After the apocalypse has ravaged the world, the scattered and broken remnants eventually regroup. Survivors work to reform some semblance of a society. However, some view this as an opportunity to seize power and control. In the Hunger Games by Suzanne Collins, we find a new country called Panem has established itself in North America. It is arranged into a central city called the Capitol, where the rich and powerful live in comfort and ease, and a number of outlying, scattered Districts. Here the working class exist solely to provide the resources needed for the citizens of the Capitol. At one point long ago, there were 13 of these controlled and gated Districts. During an uprising, one was razed and the people brutally exterminated. A clear lesson was delivered on the price of revolt. The remaining 12 Districts now toe a thin, brutal line to survive.

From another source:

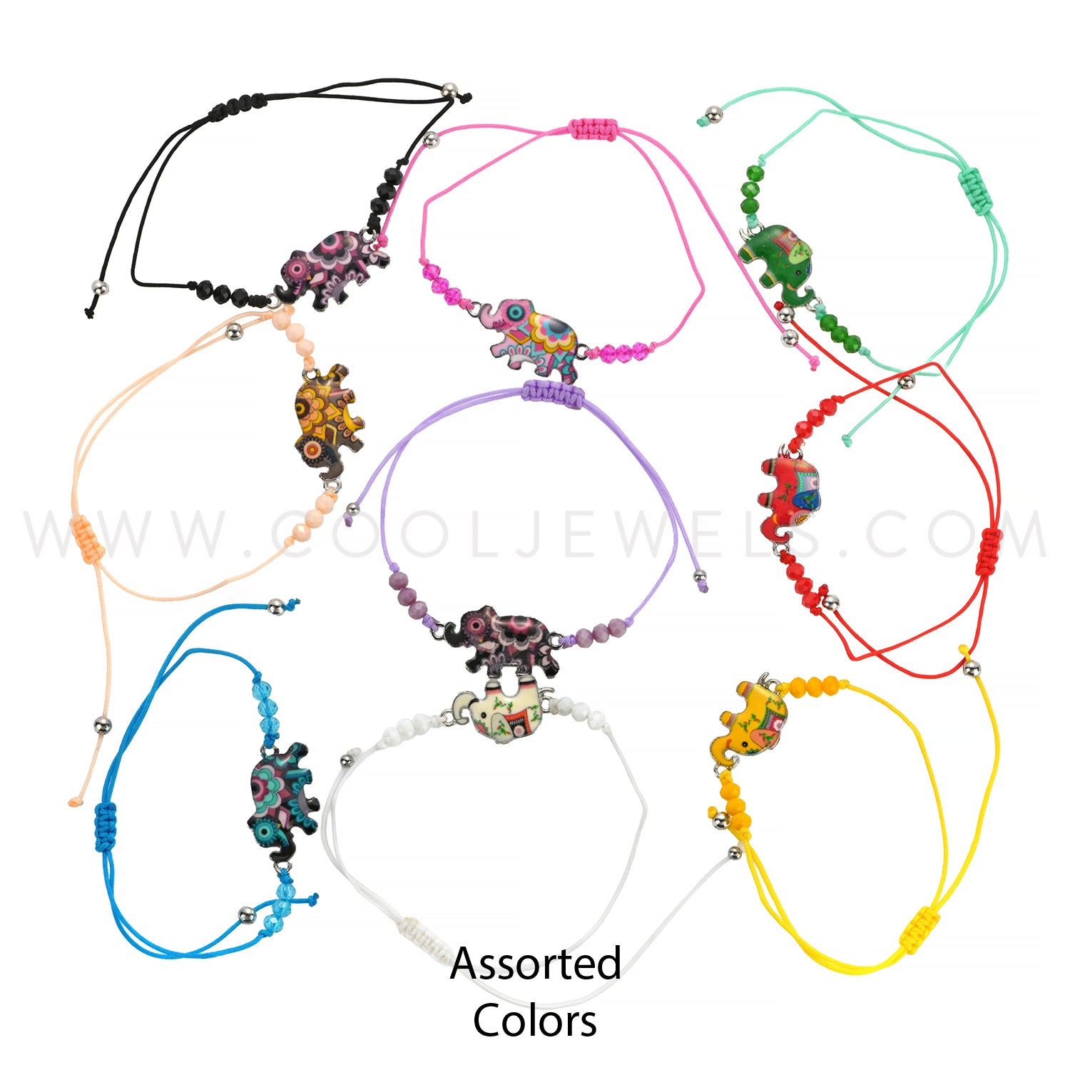 These Assorted Elepahnt & Colored Beaded Bracelet features a variety of different colors and patterned elephant pendant with colored beads on a twine slider bracelet for easy sizing. Each dozen comes with a variety of different colored elephant and bracelets.

One element of the Capitol regime's control is the annual Hunger Games. Here, every child between the ages of 12 and 18 is entered into a human lottery. From each District, one boy and one girl are selected. The 24 children are taken from their families amidst great pagentry and put into an outdoor arena to fight to the death. 24 enter - only 1 can leave. That one and their family will live out their lives back in their District in comfort and substance. The "festivities" of the games are broadcast across Panem to serve two distinct purposes. One to send a clear message to the Districts of who has the real power. The second is for the amusement of those in the Capitol. To them it is all one big, fun show, something like a mixing of the Olympics and the gladiator battles in the Roman Coliseum. To keep things moving along and exciting, the organizers force the contestants (referred to as tributes) to directly engage one another when things get too slow and the television ratings begin to sag. They do this by controlling every facet in the arena from the climate to the availability of food and water.

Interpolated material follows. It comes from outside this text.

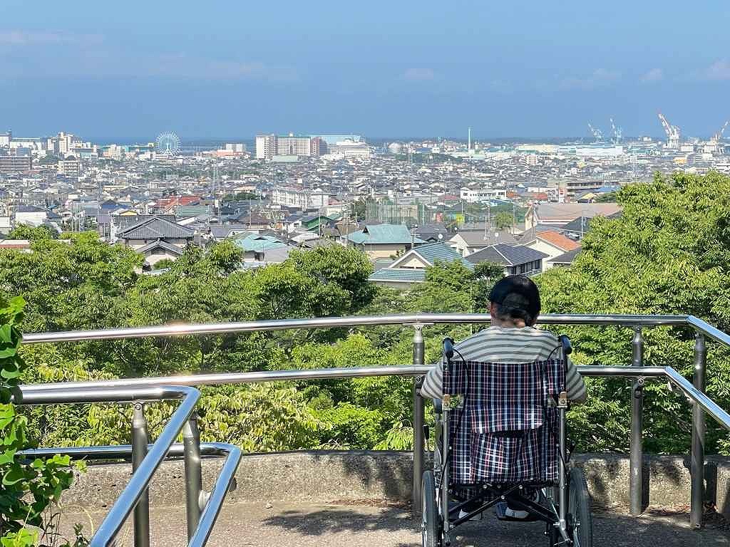 最後は展望スポットへ。清水の街と海を一望できる絶景に、利用者さんも静かに見入っていました。

The Hunger Games (this year is the 74th) follow the plight of 16-year-old Katniss Everdeen. She survives her paultry, meager, wanting life in District 12, where her father was recently lost in a mining accident, and has had to learn to provide for her mother and sister. When her beloved younger sister Prim is selected as the girl to represent District 12 in the games, Katniss takes her place. We then follow along with Katniss as she heads off to the games. Her life now depends on using every survival skill and instinct she has learned back in District 12. Ultimately she is declared the winner of this year's games after the other contestants are killed. The problem is that through some deceipt, where she pretended to fall in love with her fellow District 12 tribute, both were allowed to survive the games. This is unheard of. She played this game for their survival, but the repercussions of mockery and defiance against the Capitol and their system of control begin.

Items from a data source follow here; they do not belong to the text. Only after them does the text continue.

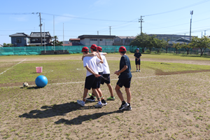 1限は各学年の学年種目練習を行いました。3年生のみ少し競技を行いました。3年生の種目は、スタートしてまず、3人一組の3人4脚で中央の段ボールに向かいます(写真1枚目)。そこに書いてある人物を探しに行き、一緒に自陣地のサークルに向かいます。(写真2枚目)。大きなボールキャッチか、籠にサッカーボールを入れるかして(写真3枚目)、成功すると次のトリオに交代になります。アンカーは紫のビブスを着ています(写真4枚目)。練習の様子から、まだまだ当日に向けて、盛り上がりそうです。
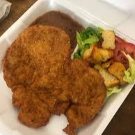 Salsa suiza, gratinadas con queso, rellenas de 2 huevos. Arrachera o milanesa a elegir y aros de cebolla.
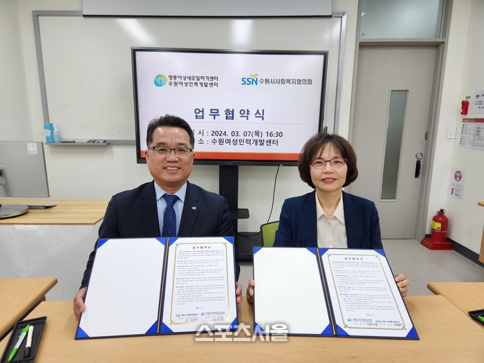 〔스포츠서울│수원=좌승훈기자〕수원여성인력개발센터는 사회복지증진과 경력 단절 여성의 고용 창출을 위해 7일 수원시사회복지협의회와 업무 협약식을 가졌다.
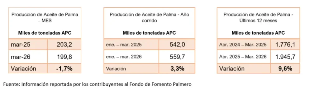 La producción de aceite de palma en Colombia mantiene una tendencia de crecimiento en lo corrido de 2026. Entre enero y marzo el país produjo 560 mil toneladas, lo que representa un incremento del 3% frente al mismo periodo de 2025.
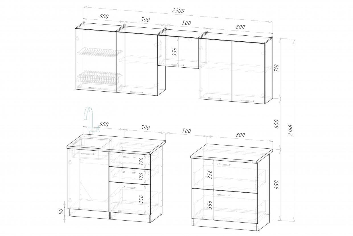 Ширина: 2300 мм; Глубина: 600 мм (со столешницей)
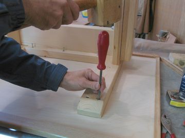 Insert the screws, then lightly tap them into the table by tapping the handle of the screwdriver with a mallet. (Fig 31)

In the Hunger Games, Collins created a world that was so painfully real. Throughout it all, she develops a hero who is not a ruthless cutthroat, but instead a real little girl who has to grow up and rely on herself. She has to learn how to step out of the limited existence that she knows, to give into the system without giving herself away. A highly recommended read that you won't be able to put down. Now on to the second book of the trilogy, Catching Fire.